I do focus on something. I focus on keeping my mind empty.

----------


## aktw4

I still don't get it.  What do you do when a random thought pops in your head?

----------


## siuol

^ just ignore it.

----------


## aktw4

How? If I do that, then I think about ignoring what I am thinking, which is thinking about something, isn't it?

----------


## siuol

i guess so but really just relax, breathe, and if a thought pops up dont pay it any attention and it goes away

----------


## aktw4

Ahh, I get it now. Thanks!

----------


## Schlachtfeld

Random thoughts that pop into my head actually help me from focusing on feeling SP. But I also have to count or something so I don't fall asleep.

----------


## Solarflare

> My anchor is counting but I count in German because I have to think about it, whereas in English I can do that literally in my sleep XD



GOOD IDEA.... I'll count my breathing in french.... or i'll just count in french..... un deux trois quatre cinq _six_ sept huit neuf dix onze.........

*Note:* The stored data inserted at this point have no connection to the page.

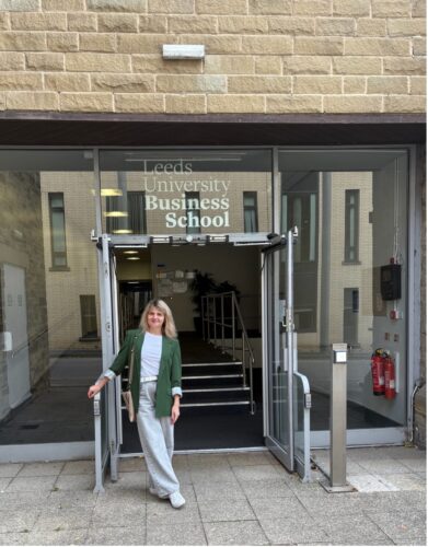 Доцентка кафедри економіки, підприємництва та бізнес-адміністрування, Інна Коблянська, представила діяльність Сумського державного університету та кафедри під час візиту до Бізнес школи Університету Лідса (Велика Британія) 26 вересня 2025 р.
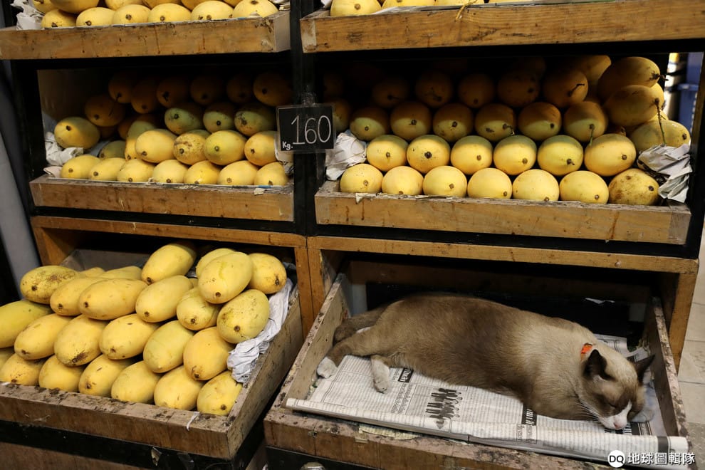 在曼谷一家芒果專賣店裡,一隻貓靜靜地躺在原本應該放芒果的木架上睡覺。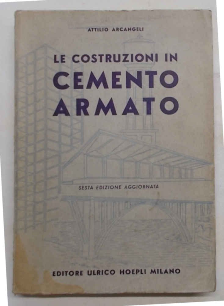 In 8° (cm. 25 x 17,5); pagg. XII, 527; con 8 tavole f.t., 422 incisioni, formulario e tabelle n.t.; leggera cartonatura originale illustrata. Sottolineature in lapis e a penna. Manca l'occhietto. VG-. ** Sesta edizione aggiornata. Dati pratici sui materiali da costruzione e sulla esecuzione delle opere - Calcolo delle membrature - Cenni su alcune principali applicazioni e calcoli relativi.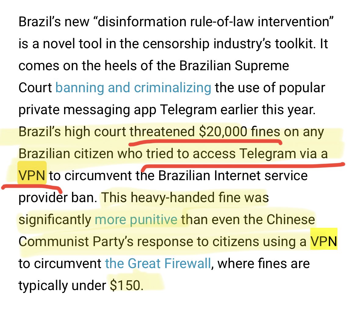 I wrote about how Brazil’s VPN fine for evading speech bans would be 150x greater than China’s back in 2022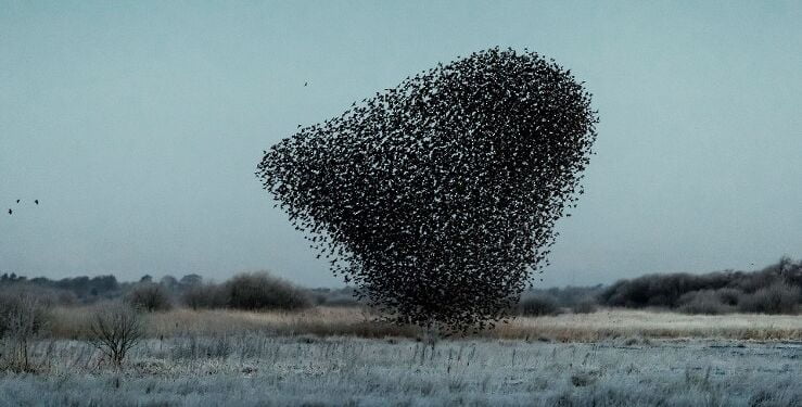 “Når de utallige fugle samles i store flokke, før de slår sig ned i rørskoven i skumringen, viser de deres utrolige samarbejdsevner og navigationsfærdigheder. Fra tid til anden tilføjes en ekstra dramatisk dimension, når rovfugle angriber stæreflokken, der som modtræk udfører en betagende ballet om liv og død. Stærene bevæger sig som én samlet organisme, der med stor styrke modsætter sig enhver ydre trussel. Dette skaber et stærkt visuelt udtryk – som en blæktegning eller et kalligrafisk penselstrøg, der maler sig mod himlen.”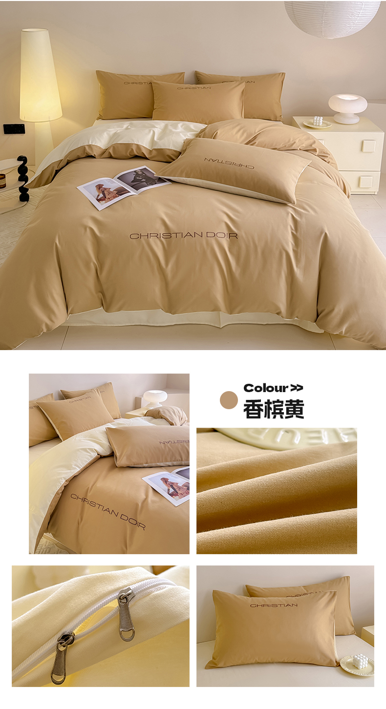 当前位置: 91家纺网 > 商品网购 > 床品套件 > 四件套 > 普通磨毛四件套 > 典曼家纺 2024新款A类简约轻奢款磨毛绣花四件套 香槟黄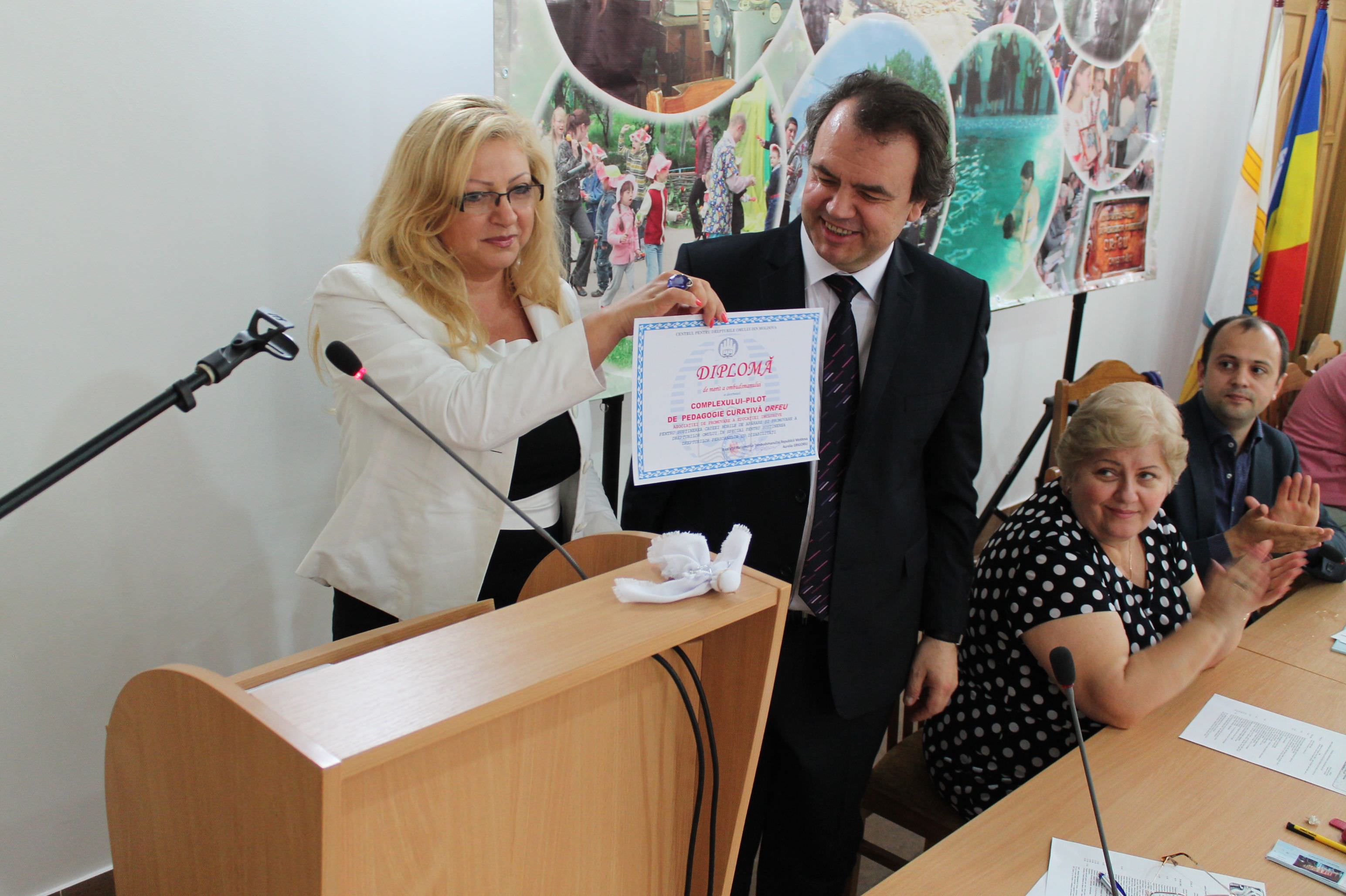 La finalul evenimentului, Avocatul parlamentar a înminat Complexului-Pilot de Pedagogie Curativă ORFEU, Asociaţiei de promovare a educaţiei inclusive, diploma de merit a ombudsmanului pentru susţinerea cauzei nobile de apărare şi promovare a drepturilor omului, în special pentru susţinerea drepturilor persoanelor cu dizabilităţi.

six is pronounced differently O.o

----------


## aktw4

> GOOD IDEA.... I'll count my breathing in french.... or i'll just count in french..... un deux trois quatre cinq _six_ sept huit neuf dix onze.........
> 
> six is pronounced differently O.o



siq

----------


## Mzzkc

Sleepmasks and earplugs are where it's at, yo.

----------


## aktw4

> Sleepmasks and earplugs are where it's at, yo.



How do they work

----------


## Mzzkc

Like magnets.

But more seriously: you use them like you would any other environmental anchor. The tricky bit is getting used to sleeping with them.

----------


## urbanmilitia

my anchor is painting numbers in black on a white background in my head ;]

----------